Snow’s fall from fame and memory has been blamed on the diversity of her talent. If she had only been a torch singer, we would’ve remembered her. If she had only been a dancer, she would’ve made history. If she had only been a trumpet player, modern audiences would know her as well as Louis Armstrong. But Valaida Snow was never only one thing or another. Even within a specialty, her talent was diverse. In one oft reported performance, Snow concluded a number on the trumpet with a dance number where, for each chorus, she danced in a different pair of shoes. “The dances and shoes to match were: soft-shoe, adagio shoes, tap shoes…, Dutch clogs, Chinese straw sandals, Turkish slippers, and the last pair, Russian boots” (Reitz, 1982). Her singing was comparably varied. In addition to torch songs and blues, she was one of the few black entertainers to sing Broadway tunes as well (Mosley, 2020).

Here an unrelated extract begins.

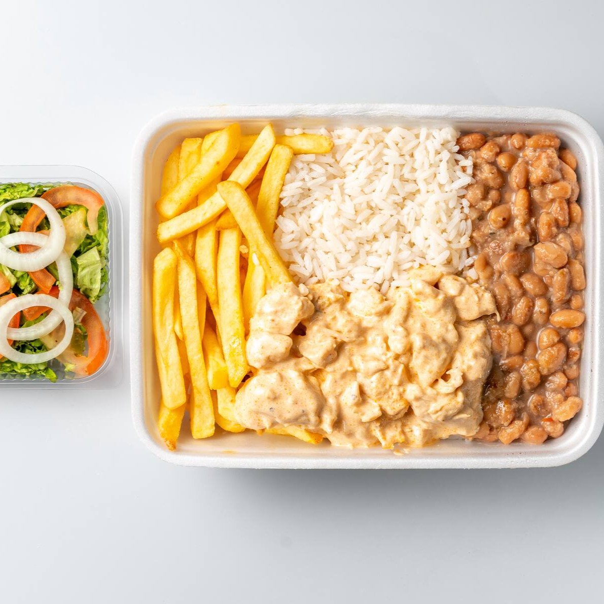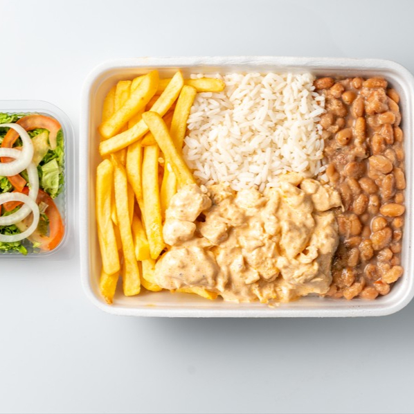 Aproveite uma deliciosa marmita, meticulosamente preparada com um saboroso strogonoff de frango. O prato, repleto de sabor, acompanha arroz branco, perfeitamente cozido, e crocante batata palha. Tudo isso compõe a nossa 'Promoção Marmitex', pensada para proporcionar uma refeição completa e prazerosa. A combinação perfeita para saciar a sua fome com qualidade e um toque de requinte!

The trumpet was Snow’s primary instrument, but she also played cello, bass, violin, guitar, banjo, mandolin, harp, accordion, clarinet, and saxophone (Charles, 1995). She conducted bands, produced shows, designed costumes, spoke seven languages (Cowans, 1943) and was reportedly a fine painter (“Valaida Snow Engagement at Orpheum,” 1946). She could write down music as it was being played (Reitz, 1982). She was also the master fabricator of her own story.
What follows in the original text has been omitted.